This article has participated in the “Digitalstar Project” and won a creative gift package to challenge the creative incentive money.
I believe that many friends can develop their own crawler projects independently after being bombarded by my last few blog posts on crawler technology!! The road of reptiles has been opened!
but a few days ago a fan VX asked me this question: “The source code I see in the browser through the developer tools is completely different from the source code I crawled down through the Requests library! What’s going on here? Through the blogger you teach the method can not solve ah!”
In fact, this involves front-end knowledge, but MY energy time is limited, so currently only updated an HTML essential knowledge article, pay attention to this blogger – will work hard to continue to update CSS and JavaScript related knowledge of the article oh!
As a reptilian must also know the front-end knowledge of the first two HTML explanations. It will be out soon!
We need to understand why this is the case before we can do something about it. The first thing to remember about Requests is that they were retrieving raw HTML documents, whereas the page in the browser was the result of JavaScript processing of data from a variety of sources, whether loaded via Ajax or included in the HTML document. It can also be generated by JavaScript and a specific algorithm.
For the first case: Data loading is a kind of asynchronous loading way, the original page will contain some data first, after the original page loading, will request an interface to get the data from the server, and then the data will be processed and appear on the page, it is actually send an Ajax request (this is a situation of JavaScript to render the page!) ;
In the third case, the data load is generated using JavaScript and a specific algorithm, not raw HTML code, and there is no Ajax request involved.
principle known, the following question is how we in the end to solve?
|
The new version of Selenium no longer supports PhantomJS, and the original authors have given up maintaining the project. Also, try not to use this method when doing crawlers. Selenium+ browser combinations are slow and cannot handle high volume crawls and concurrent crawls. And eats computer resources. |
5. Simple use of practical examples:
from selenium import webdriver # Control the browser module
import time # Add sleep, or it will run too fast to record the screen effect!
# declare the browser object -- if firefox: driver = webdriver.firefos ()
driver = webdriver.Chrome() Get chrome control object -- WebDriver object
# 1. Request a URL
driver.get('http://www.baidu.com')
time.sleep(1)
# 2. Navigate to the search box TAB
input_tag = driver.find_element_by_id('kw')

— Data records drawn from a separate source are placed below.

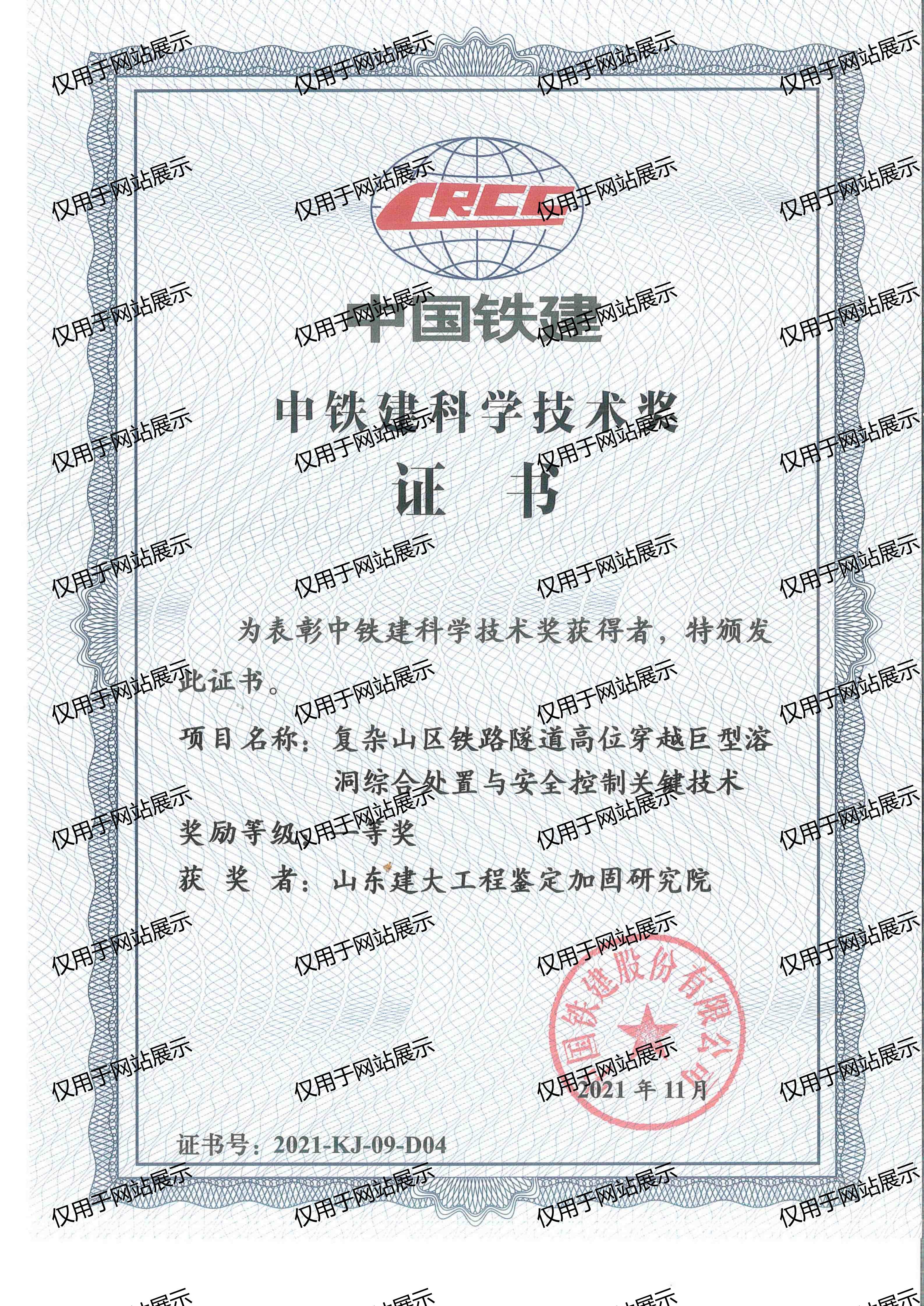 2021年中國(guó)鐵建科學(xué)技術(shù)獎(jiǎng)一等獎(jiǎng)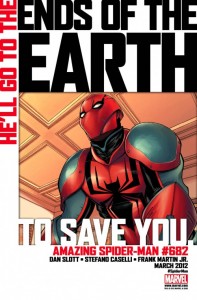 For those who follow my articles over on ComicMix, it should come as no surprise to see me start in on this spidey-book. For those who don’t follow me over there… shame on you. But I digress. Recently it came to pass that I’ve grown weary of DC, and wanted to expand my horizons to Marvel. Admittedly, I’ve never been a ‘Marvel Zombie’. I steer clear of their epic crossovers. I merely dip my toe into their waters, tepidly, to partake of very specific books. Given the track record of Fantastic Four/FF, and Invincible Irons Man, I decided to take the plunge into Spider-Man’s repertoire. What did I have to lose aside from a few bucks? Given that the series has a pretty “noob” friendly arc starting with issue #682, I’ve hopped aboard. Suffice to say, I’m glad I did.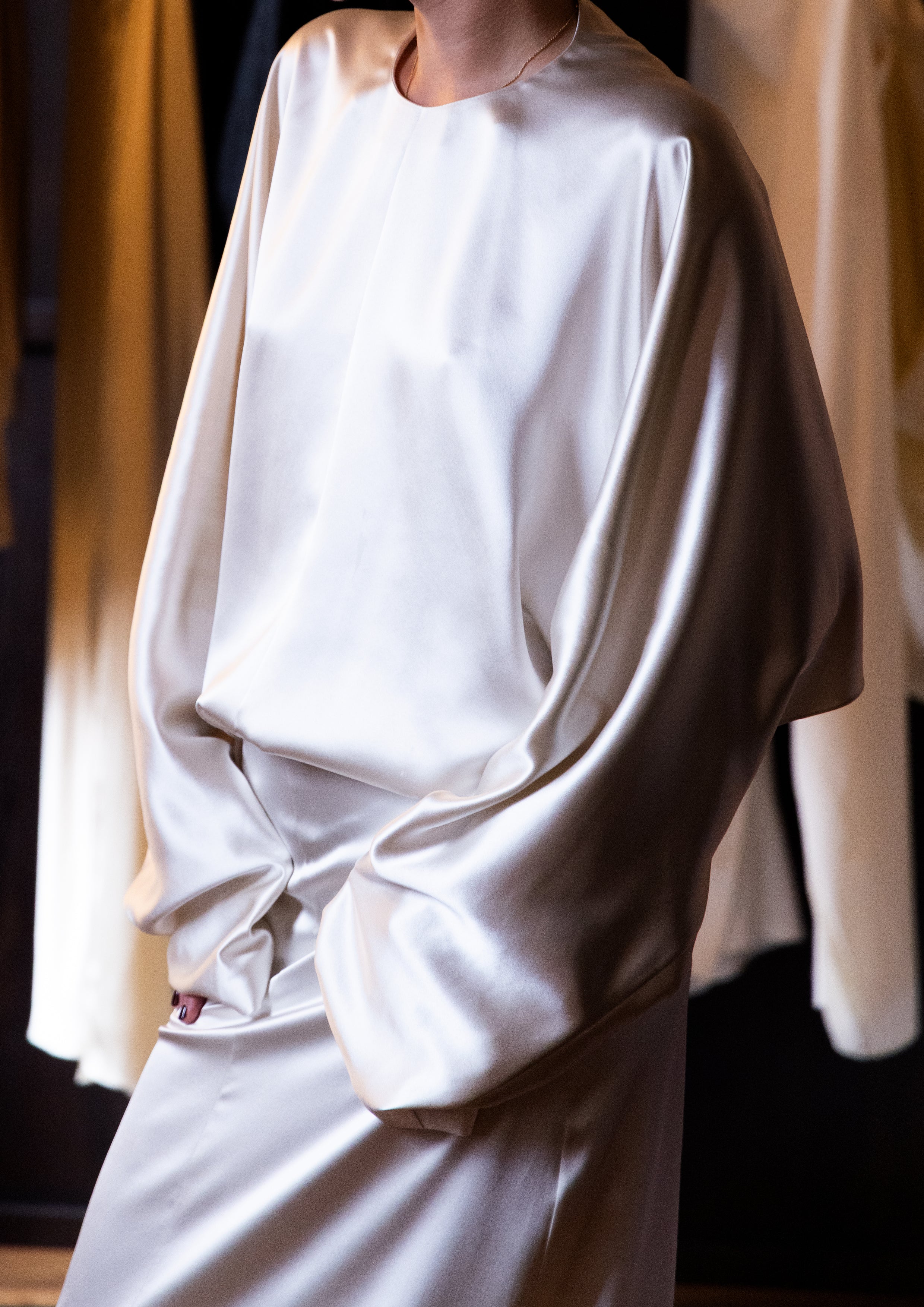 Wardrobe 26 celebrates the private rituals of women through the evening wardrobe. Those moments that are often left unseen, yet remain deeply meaningful. Each piece, individually (and then, collectively), tells a story wrapped and draped in a natural charm, one soft and delicate to the touch yet undoubtedly invaluable. There is a continued emphasis on fit, silhouette, and longevity, yet with some room for experimentation - necklines that drape like an oil-painted waterfall, smooth trouser pants that bellow at the inseam yet kindly nurture curves, and sleeves that cascade weightlessly like a candle flame. Through fabric, cut, and subtle detailing, the garments foster a deeper emotional connection, resisting the fleeting cycle of disposability and instead building a wardrobe of permanence. Thus, Mira’s designs effortlessly redefine women’s modernity while embodying a woman’s (potential) sensuality–what you see isn’t entirely what you get, but you fall in love with what’s on the surface just as easily.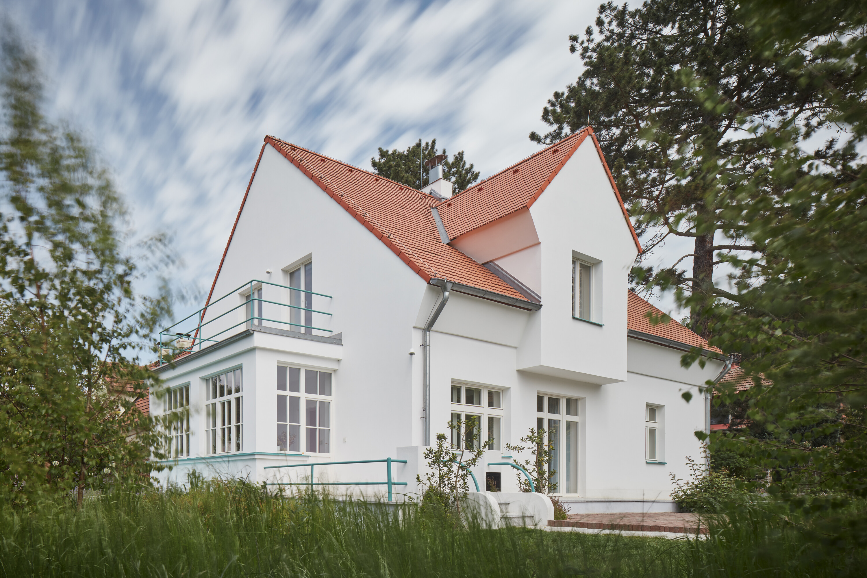 Rodinný dům je navržen pro čtyři osoby, tomu odpovídá i jednoduché dispoziční řešení. Vstup do objektu vede ze severozápadu od ulice a samotné zádvoří je jasně oddělené od obytné části. Jsou zde umístěné praktické vestavěné skříně. Odtud vejdete do haly, kde stojí schodiště vedoucí do druhého patra. V přízemí je pokoj pro hosty, kuchyně a hlavní obytná část s východem na terasu. Do druhého patra je pak situovaný dětské pokoj, pracovna a hlavní ložnice s koupelnou a šatnou. „V interiéru rodinného domu jsou navrženy dispoziční změny, které vyžadovaly zvětšení některých otvorů v nosných stěnách, vybourání některých příček a zvětšení otvorů na fasádě směrem do zahrady. Charakter a hlavní hmota domu byla zachována,“ popisují architekti. „Návrh v exteriéru zahrnoval výměnu okenních výplní, zateplení objektu, novou omítku a novou střechu. Jednoduchost návrhu se promítá i do materiálového a barevného řešení. Materiály použité na původním objektu byly pouze obměněny za nové. Střecha i fasáda mají obdobný charakter jako před začátkem rekonstrukce. Fasáda byla zateplena a došlo k výměně okenních výplní.“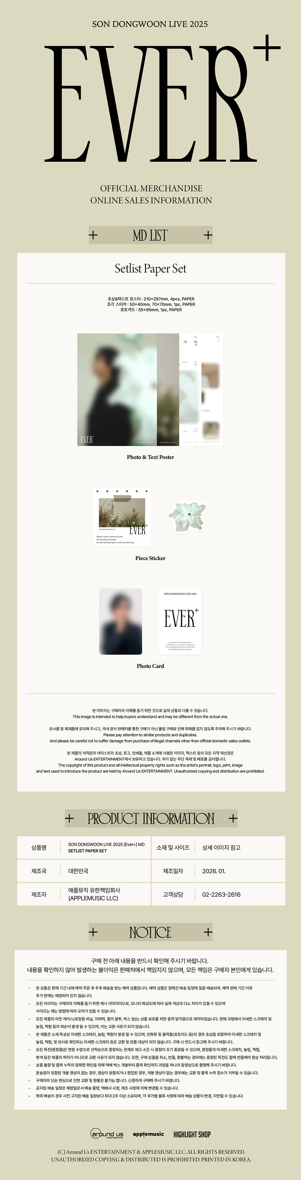 [Pre Order] SON DONGWOON 2025 SOLO CONCERT Goods - SETLIST PAPER SET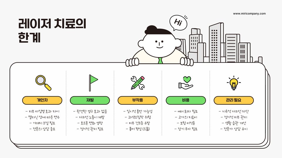 그러나 레이저 치료가 모든 사람에게 동일한 결과를 가져오지는 않기 때문에, 절대적인 기대보다는 한 번의 치료로 모든 것이 해결되지 않을 수 있다는 점을 고려해야 합니다. 지속적인 관리와 예방이 필요하며, 적절한 사용 후 관리법 또한 중요합니다.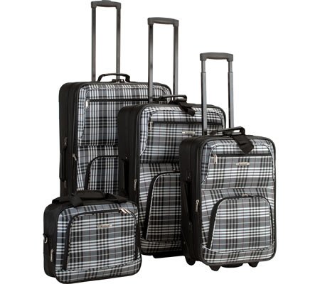 Rockland Luggage 4 Piece Luggage Set, Black Plaid, One Size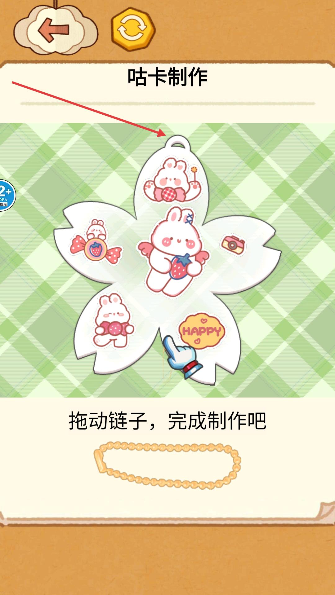 3、圖案粘貼好后,再拖動鏈子,把鏈子安裝到卡片上,完成咕卡的最后制作步驟,讓咕卡更完整。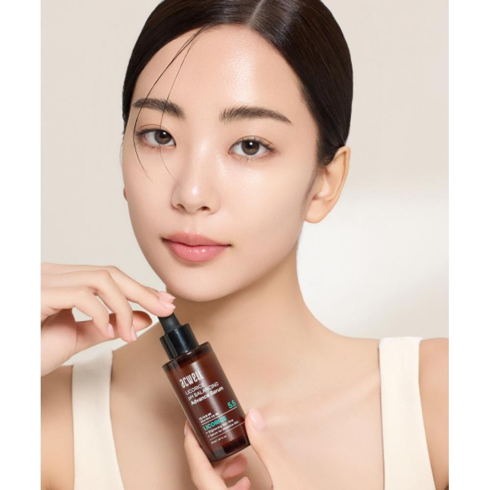 ACWELL Licorice Water pH Balancing Advanced Serum 30ml is a skincare essence based on licorice water extract. This product helps balance the skin's pH, soothing sensitive skin and delivering health. It focuses on reducing skin irritation and strengthening the skin barrier. Suitable for all skin types, it offers a soft feel upon use.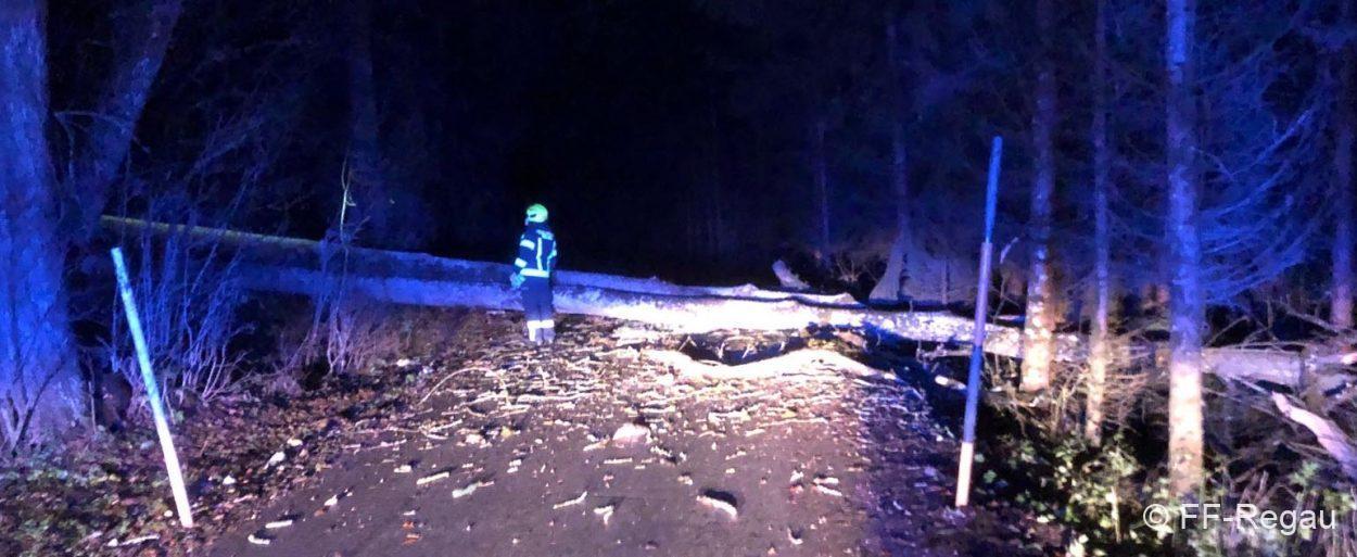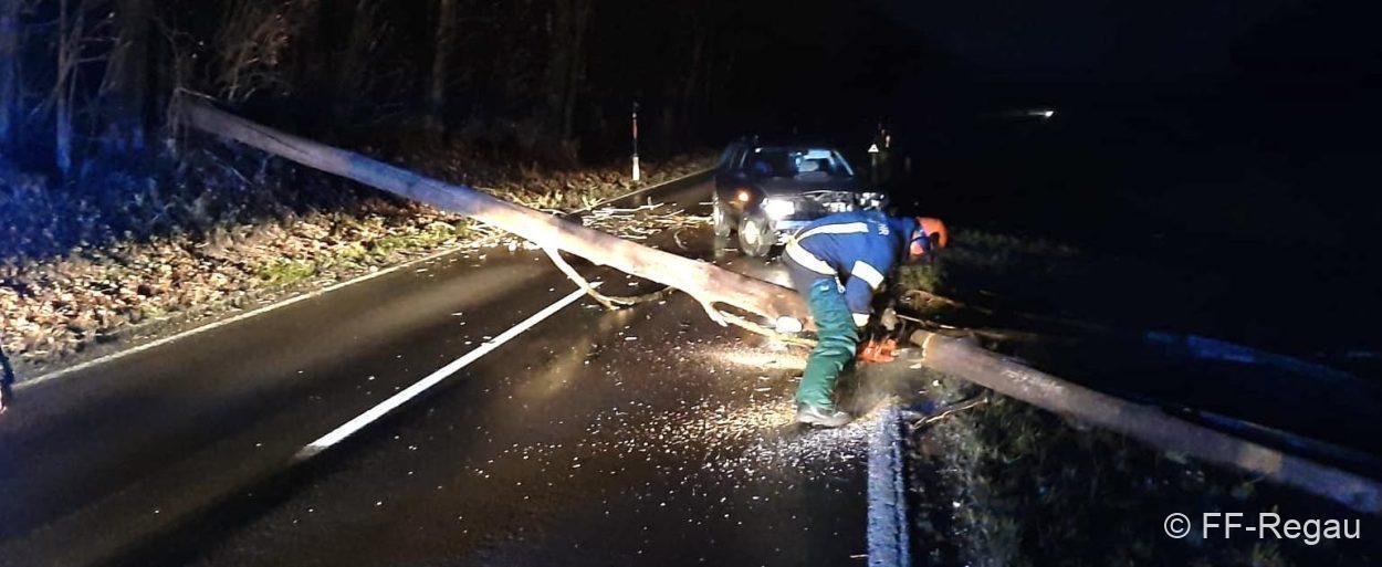 PKW prallte gegen umgestürzten Baum! "Baum über Strasse" lautete der Einsatz, der uns um 22.25 telefonisch von der Landeswarnzentrale erreichte....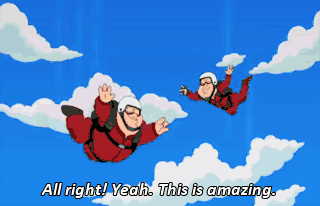 All right! Yeah. This is amazing. I know, it's unbelievable. Hey, guys, let's try to re-create this feeling for the rest of our lives, with drugs. Oh, it looks like it's almost time for us to pull our cords.

# 3. Type your search into the search box
input_tag.send_keys('Cat pictures')
# 4. Navigate to the search icon on Baidu
submit_tag = driver.find_element_by_id('su')
time.sleep(1)
# 5. Click the search icon
submit_tag.click()
time.sleep(5)
# 6. Quit! If you do not exit, there will be residual processes!!
driver.quit()
Copy the code
- Webdriver.chrome () if the driver is not included in the environment variable, add the executable parameter to Chrome, which is the path of the downloaded Chromedriver file.
- Driver.find_element_by_id (‘kw’).send_keys(‘ cat picture ‘) Locate the tag whose ID attribute value is ‘kw’ and enter the string ‘cat picture’ into it;
- Driver.find_element_by_id (‘su’).click() locate the id attribute whose value is the su label;
- The click function fires the tag’s JS click event.
③ Effect display:
Copy the code
Note: If find_element does not match, an exception is thrown, but if find_elements does not match, an empty list is returned!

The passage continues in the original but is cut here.